After decades of the dichotomy of politically disengaged structuralism and compulsory Marxism, university researchers are now seeking ways to be objective and scientific keepers of our culture at the same time as they guide readers to make sense of their own present through an increased familiarity with the authors we associate with the foundation of Western democracies. This scholarly volume by numerous authors and editors, complete with an extensive scholarly apparatus, including a preface by Michel Delon, encourages us to seek relevance in the year 1760, an instant in time concerning French intellectual history. We are encouraged to retrace and contextualize Voltaire’s satirical caricature, with the idea that it may help us interpret current practices: “Alors que les démocraties peinent encore aujourd’hui à travers le monde à définir une neutralité de l’espace public et ne se mettent pas d’accord sur le droit au blasphème et les limites de la caricature individuelle, les variations polémiques de Voltaire dans les années 1759 et 1760 sont autant de documents historiques à interroger” (xxv).
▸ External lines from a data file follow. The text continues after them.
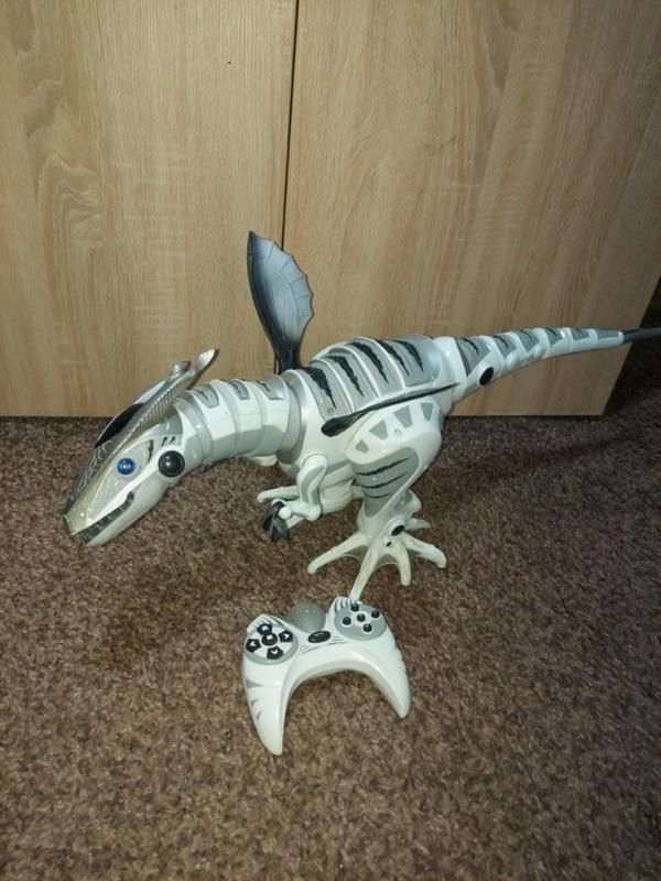 Стан самого робота идеален. Все функционирует, нужна замена батареек, стоял без дела. Имеется нюанс на самом пульте управления на кнопках (фото 5), но не влияет ни на что. Коробки не имеют. Радиоуправляемый Робот Robosaur TT320 (масштаб 1:4) - этот робот динозавр выполнит сорок функций. В зависимости от каждого режима, поведение робота меняется. Сенсоры касания, инфракрасного зрения и стереозвуковые сенсоры помогают роботу ориентироваться в пространстве. Питается от восьми пальчиковых батареек (АА) и еще три необходимо для пульта дистанционного управления. Пульт управления инфракрасный. В режиме самостоятельных действий рпозначей двигается самостоятельно, исследуя окружающие условия, если в течение 3 минут с ним не производятся никаких действия. В этом режиме робозавр обходит все препятствия, используя инфракрасные детекторы. Периодически он останавливается, проверяя слышит резкие, громкие звуки. Если прикоснуться к любому контактному датчику или нажать кнопку на пульте управления, динозавр выйдет из режима самостоятельного движения. Робозавр крутит головой, подтверждая, что он есть в режиме "Бадрый". В этом режиме робот использует свои инфракрасные и звуковые датчики для охраны территории вблизи него. Можно направлять робозавра, используя "лазерное" наведение. Поместите пульт управления спереди динозавра на расстоянии около 30 см от пола, и нажмите с удержанием кнопку "Включение "лазерного" наведения на цель. Голубой световой луч покажет, куда вы направляете Робозавра. Удерживайте кнопку, и робот будет двигаться световым лучом. Характеристики: возраст: от 8 лет; движение: вперед, назад, влево, вправо, повороты головы по часовой стрелке и против часовой стрелки, движения хвоста вправо и влево; питание 8 батареек типа AA (приобретаются отдельно); пульт ДУ: 3 батарейки типа AA (приобретаются отдельно); сенсоры инфракрасного зрения; сенсоры прикосновения к рту, к подбородку и хвосту; звуковые сенсоры; рвозозавр может двигаться по "лазерному" указателю с пульта ДУ; размер динозавра: 79х21х27 см;
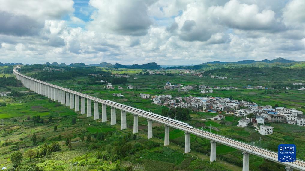 試驗動(dòng)車(chē)組經(jīng)過(guò)位于貴州省獨山縣的貴南高鐵拉里雙線(xiàn)特大橋(8月2日攝)。
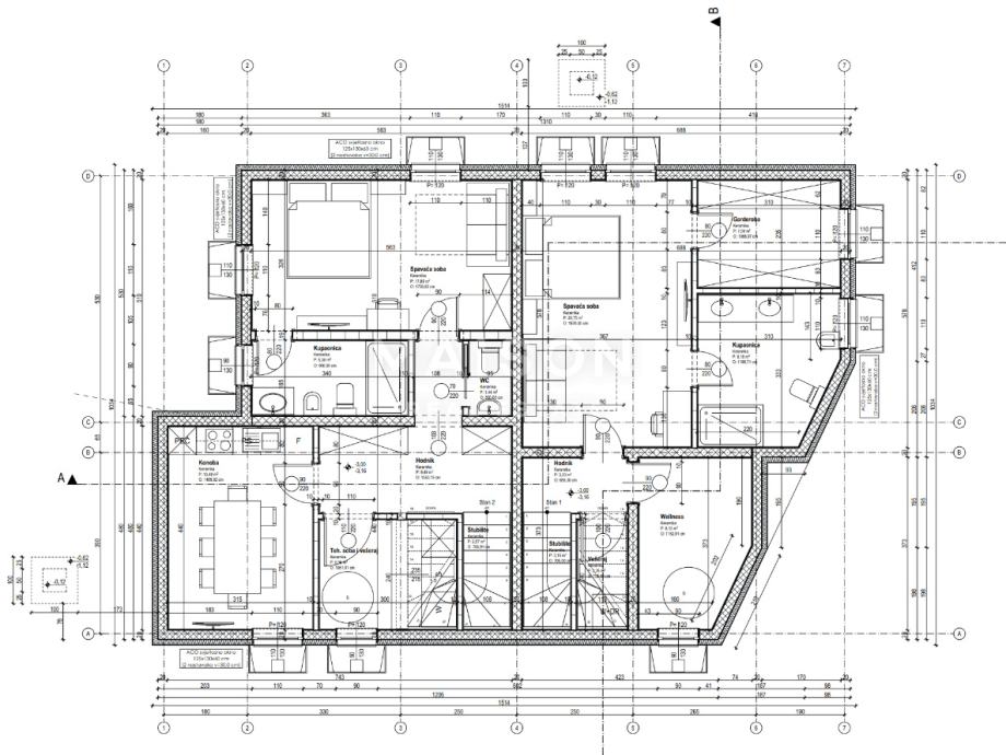 Posebna pažnja posvećena je stolariji – prozori i staklene stijene opremljeni su elektromotornim ALU roletama i komarnicima, a ulazna vrata su aluminijska protuprovalna. Unutarnja vrata bit će izrađena od punog drva, ugrađena elegantnom Inline tehnikom, s neutralnim kvakama njemačke proizvodnje. Terase, balkoni i stubište imat će sigurnosne staklene ograde.
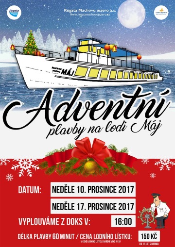 Již tuto neděli 10. prosince se uskuteční druhá adventní plavba po Máchově jezeře. Vyplouváme v 16:00 hod. z přístaviště lodi Máj v Doksech. Cena lodního lístku je 150 Kč, v ceně lístku je svařené víno a čaj. Délka plavby je 60 minut.

The publication Charlie Hebdo and its team remain unnamed, but, for people who follow the news even distantly, it must come to mind, although the modern journal does not use caricature in the same way as Voltaire, which should become obvious as one reads this volume. Delon is not alone in this effort to reflect on satirical caricature, and out of two sponsored panels, the French section of the American Society for Eighteenth-Century Studies (Pittsburgh, 2016) proposed a more blunt juxtaposition of the assassinations at Charlie Hebdo’s headquarters and Voltaire’s thought as a launching pad for a rather complex reflection—let us note that despite acknowledged interest, the call for contributions to this panel did not meet with an immediate rush of proposals from participants. [End Page 771]
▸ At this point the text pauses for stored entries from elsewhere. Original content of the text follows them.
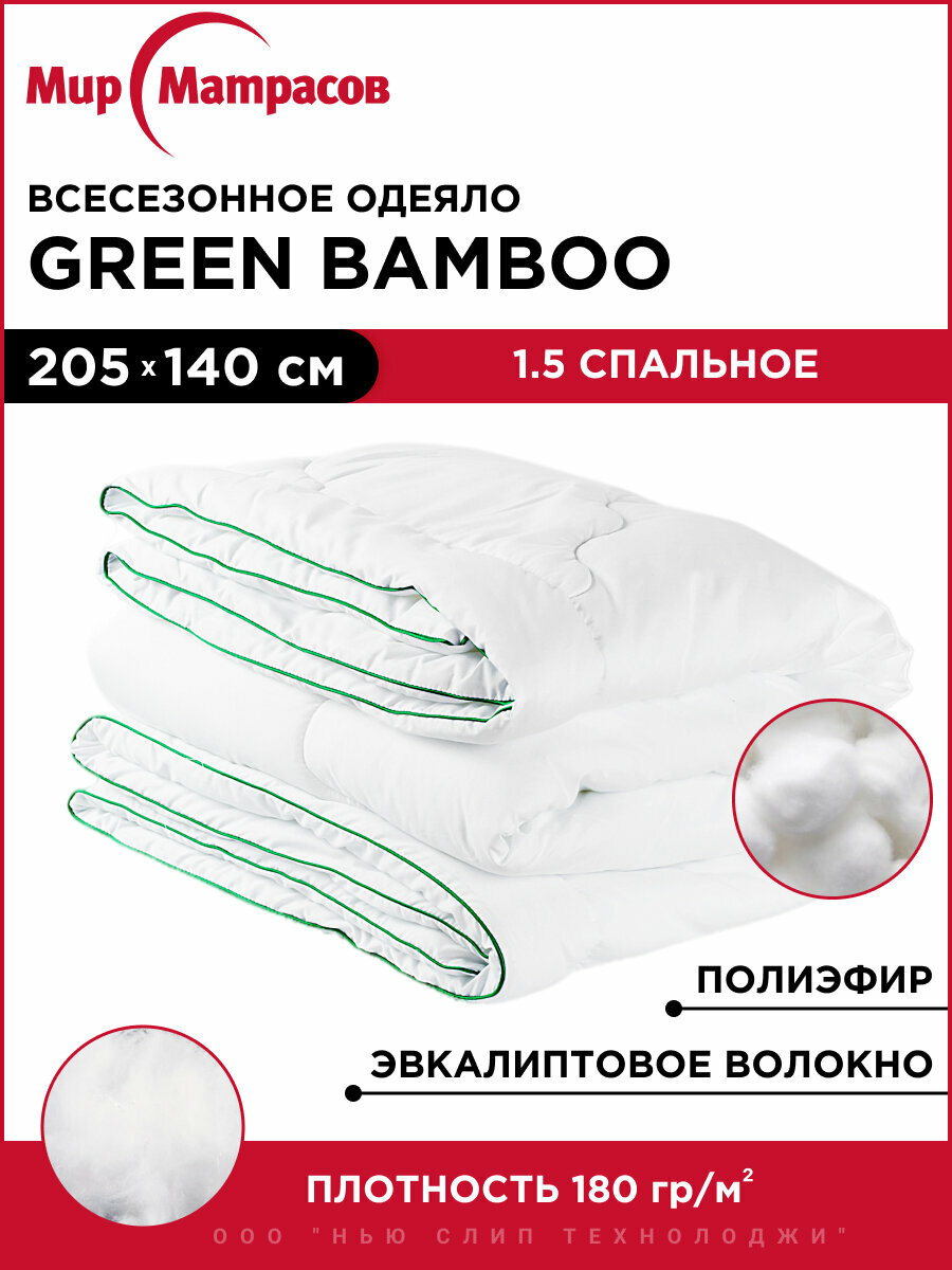 Одеяло Мир Матрасов Green Bamboo, 1,5 спальное, 140x205 см, белое
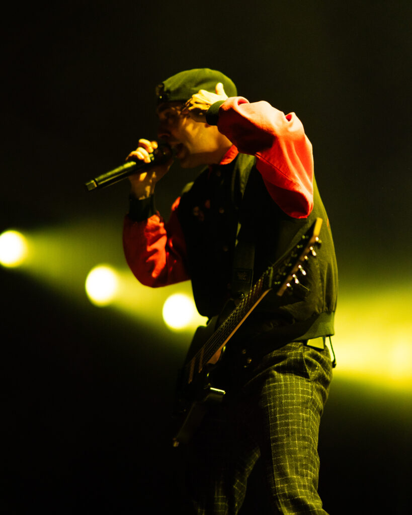 At 9:00 p.m., the lights dimmed and the venue roared with explosive excitement as Pierce the Veil stormed on stage. The band launched into “Death of an Executioner,” followed by the fan-favorite “Bulls in the Bronx.” From the first chord, their electrifying energy was undeniable. Lead singer Vic Fuentes commanded the spotlight, igniting the audience into a euphoric frenzy with his magnetic presence and raw vocals.
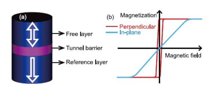 圖1(a)垂直磁各向異性的磁隧道結;(b)沿面內和垂直方向的磁化曲線,證明易磁化軸沿垂直方向。
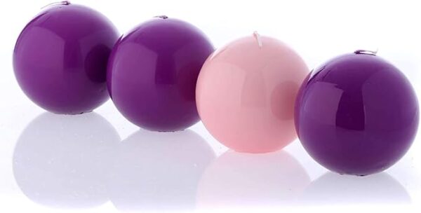 Candele sferiche per Corona dell’Avvento realizzate in raffinata cera italiana e provviste di scatola. La confezione comprende tre sfere di colore viola lucido ed una sfera di colore rosa lucido.

It is rare to find a collection of introductions less partial to the works of the author whose scientific edition they painstakingly produced in an impressive collective effort. Each specialist restitutes dignity (if warranted) to the injured parties and weighs Voltaire’s altruistic and ideological motives against pettier ones, such as his self-interest and his personal or authorial narcissisms. The latter are detected in his jealous intermittent attacks over fifteen years against Le Franc de Pompignan’s highly successful play at the time (Didon) as it met with great public success and was officially included in the permanent repertoire of the Comédie Française (David Williams, 208–12). Jessica Goodman exposes Voltaire’s dubious positioning at the occasion of Palissot’s comedy (Les Philosophes, 1760), ridiculing philosophers except for Montesquieu and Voltaire, whom she praised in the published preface that she edits (Goodman, 223–30). Goodman reports on Voltaire’s obvious sensitivity to the compliment paid by Palissot (226) and Grimm’s comment that Voltaire should not have sent friendly letters to Palissot nor acted as his executioner in his critical “notes” (230). Diana Guiragossian-Carr also mentions Grimm’s comment when questioning what motivated Voltaire to publish all of these pamphlets in a bound volume (345).

While reading the letters exchanged between Palissot and Voltaire (edited by Kelsey Rubin-Detlev), it is possible to interpret the friendly overtures of Voltaire as a strategic move to lead the anti-philosophical author to retract some of his attacks—his misattribution of quotes, for instance—as too damaging for a project dear to Voltaire, namely D’Alembert and Diderot’s Encyclopedia (Stewart, 118). Furthermore, Pompignan’s academic speech attacking the philosophes, claiming that they are impious and seditious towards the government, broke the general convention of remaining silent on such topics in the gatherings of the Academy: it was considered out of place if not indecent as a reception piece to that institution (Stewart, 20n7). Stewart perceives that Voltaire is rightly alarmed by the...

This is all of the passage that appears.